This is from an article from https://www.tes.com/news/fe-white-paper-what-do-sector-leaders-want-it-say

 

The White Paper in the autumn could cover a broad range of issues, but sector leaders are clear on what they want it to say

The House of Commons Education Select Committee today heard from a range of sector leaders on the FE White Paper, expected in the autumn.

Each of the speakers highlighted the need for extra funding, as well for a national plan considering both the sector as a whole and local and regional need.

All participants were asked what three things they would like reflected in the government’s plans for FE. Here is what they said.

Bill Watkin, chief executive of the Sixth Form Colleges Association:

“It is absolutely essential that we protect the applied general qualifications, BTECs and so on, because that is going to disenfranchise a huge number of young people if we don’t do that.

“We must make sure that funding levels are fit for purpose, and we have got to make sure that we take a rounded approach to opening new provision for 16- to 18-year-olds and make sure we are joined up.”
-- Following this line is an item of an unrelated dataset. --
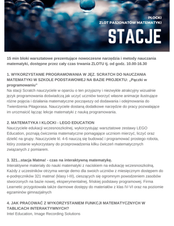 PŁOCKI ZLOT PASJONATÓW MATEMATYKI PŁOCKI ZLOT PASJONATÓW MATEMATYKI STACJE PROGRAM 15 min bloki warsztatowe prezentujące nowoczesne narzędzia i metody nauczania matematyki, dostępne przez cały czas trwania ZLOTU tj. od godz. 10.0016.30 1. WYKORZYSTANIE PROGRAMOWANIA W JĘZ. SCRATCH DO NAUCZANIA MATEMATYKI W SZKOLE PODSTAWOWEJ NA BAZIE PROJEKTU: „Pączki w programowaniu” Na stacji Scratch nauczyciele w oparciu o ten przyjazny i niezwykle atrakcyjny wizualnie język programowania doświadczą jak uczyć uczniów tworzyć własne animacje ilustrujące różne pojęcia i działania matematyczne począwszy od dodawania i odejmowania do Twierdzenia Pitagorasa. Nauczyciele dostaną dodatkowe narzędzie do pracy pozwalające im urozmaicić łącząc lekcje matematyki z nauką programowania. 2. MATEMATYKA I KLOCKI LEGO EDUCATION Nauczyciele edukacji wczesnoszkolnej, wykorzystując warsztatowe zestawy LEGO Education, poznają ćwiczenia matematyczne pomagające uczniom mierzyć, liczyć oraz dzielić na grupy. Nauczyciele kl. 46 nauczą się budować i programować prostego robota, który zostanie wykorzystany do przeprowadzenia kilku ćwiczeń matematycznych związanych z pomiarem. 3. 321...stacja Matma! czas na interaktywną matematykę. Interaktywne materiały do nauki matematyki z naciskiem na edukację wczesnoszkolną. Każdy z uczestników otrzyma wersje demo dla swoich uczniów z miesięcznym dostępem do epodręczników 321 matma! (klasy IIII), cieszących się ogromnym powodzeniem zasobów stworzonych na bazie nowej, eksperymentalnej, fińskiej podstawy programowej. Firma Learnetic przygotowała także darmowe dostępy do materiałów z klas IVVI oraz na poziomie egzaminów gimnazjalnych 4. JAK PRACOWAĆ Z WYKORZYSTANIEM FUNKCJI MATEMATYCZNYCH W TABLICACH INTERAKTYWNYCH? Intel Education, Image Recording Solutions PŁOCKI ZLOT PASJONATÓW MATEMATYKI 5. KHAN ACADEMY TWÓJ ASYSTENT W NAUCZANIU MATEMATYKI Portal z ogromnymi zasobami edukacyjnymi pozwalający poznać jak uczniowie w oparciu o filmy objaśniające poszczególne zagadnienia matematyczne mogą się uczyć samodzielnie, we własnym tempie z dowolną ilością powtórzeń aż do pełnego zrozumienia i opanowania materiału. Nauczyciele dowiedzą się jak przygotować uczniów do zawiadywania własnym procesem uczenia się i odpowiedzialności za oraz rozwijania pracy zespołowej i współpracy rówieśniczej. PROGRAM 6. GRAMY W PIKTOGRAMY W oparciu o pakiet edukacyjny „Gramy w piktogramy” nauczyciele osiągną wyższy poziom satysfakcji z nauczania matematyki i dowiedzą się jak rozwijać u uczniów myślenie oraz jak przez wyjaśnianie i opowiadanie, pytanie i argumentowanie uczniowie mogą dochodzić samodzielnie do rozumienia pojęć matematycznych korzystając z wizualizacji i obrazowego i graficznego przedstawiania problemów matematycznych. 7. POLUBISZ MATEMATYKĘ Z EPODRĘCZNIKIEM Dzięki epodręcznikom przygotowanym przez Politechnikę Łódzką nawet humanista zrozumie matematykę. Większość podręczników papierowych opiera się na modelach abstrakcyjnych, tu przyjęto inne rozwiązanie, które polega na przejściu od modeli praktycznych, rzeczywistych do modelu abstrakcyjnego. Pozwala to na kształtowanie kompetencji matematycznych i sprawia, że nauka matematyki staje się odkrywaniem tajemnic, a nie tylko wkuwaniem do egzaminu. 8. UCZNIOWIE TEŻ MOGĄ UCZYĆ Stanowisko prowadzone przez uczniów poświęcone będzie doświadczeniom, badaniom matematycznym pokazującym użyteczność i atrakcyjność twierdzenia Talesa. Uczniowie stawiają pytanie: Jak duża jest Twoja głowa, którą widzisz w lustrze? Pokazują przyrząd zaprojektowany przez Leonarda Da Vinci. Proszą o zbadanie co robi ten przyrząd i wytłumaczenie dlaczego tak działa. Badają proporcje: złote i inne spotykane w życiu codziennym. 9. Matematyka bez reszty Czy matematyka występuje w zwykłych przedmiotach i znanych Ci miejscach? Na ulicy, lotnisku czy w sklepie? Na stacji „Matematyka bez reszty” znajdziesz odpowiedzi na te i inne pytania. Dzięki nowym produktom multimedialnym „Matematyka bez reszty”, z których można skorzystać na komputerze, tablecie czy tablicy interaktywnej, odkryjemy fascynujący świat liczb, figur oraz miar i wag. 10. Aritmeticus – stoisko poradni psychologicznej

Stephen Evans, chief executive of the Learning and Work Institute:

“We should set a higher ambition, backed by investment. We argued for another £1.9 billion pounds across England, which would help to double attainment at level 1 and 2.

“The second is a lifelong learning entitlement for people – a broader entitlement that includes retraining and the right to retrain. And the last is investment in learning and skills as part of a local ecosystem where we measure the outcomes.”

David Robinson, director of Post-16 and Skills at Education Policy Institute:

“The first priority is funding. The second is ensuring that we don’t just focus on T levels and higher technical qualifications, but also focus on the tail of underperformance we have. We have got 43 per cent of people not achieving a level 3 by the age of 19 and some of the lowest literacy and numeracy across developed countries – that needs to be addressed.

“And lastly, it is about closing the disadvantage gap. We see disadvantage continuing to have an effect. There is a strong argument for expanding from area-based disadvantage funding to pupil-based funding.”

Jane Hickie, managing director at the Association of Employment and Learning providers:

“One is putting the apprenticeships funding on a long-term sustainable footing, which is about letting levy-payers use the funding as they wish and having a standalone budget for SMEs.

“The second is better support for level 2, and more investment in the adult education budget so that works better.”

Kirstie Donnelly, chief executive of City & Guilds Group:

“To me, they are interlinked. We need to address adult lifelong learning and almost drop the ‘adult’. Lifelong learning should be the ecosystem that underpins the White Paper. The FE White Paper should be looking at lifelong learning that goes all the way through and the transition we were talking about. There needs to be more investment and funding into lifelong learning. As part of that, we’d like to see an entitlement for careers, advice and guidance.

“The second would be a national plan for skills, but one that is then devolved locally and regionally with flexible funding to have flexible skills credits and flexibilities that can respond to local need.

“My third one would be for us to reimagine how learning could be supported by digital transformation because it is not going to go away. It is more an employer-owned agenda than it is a solely state-owned agenda.”

David Hughes, chief executive of the Association of Colleges:

“My three are a national strategy which is backed up by place-based plans in collaboration of everyone in the locality. Secondly, I want colleges to be funded to provide advice directly to employers in specialised sectors of the economy that needs it.

“And thirdly, I want Dame Mary Ney’s nurturing relationship implemented. And that will need a complete stripping out of bureaucracy, moving to outcome-based funding and a much more mature, strategic relationship between government and colleges.”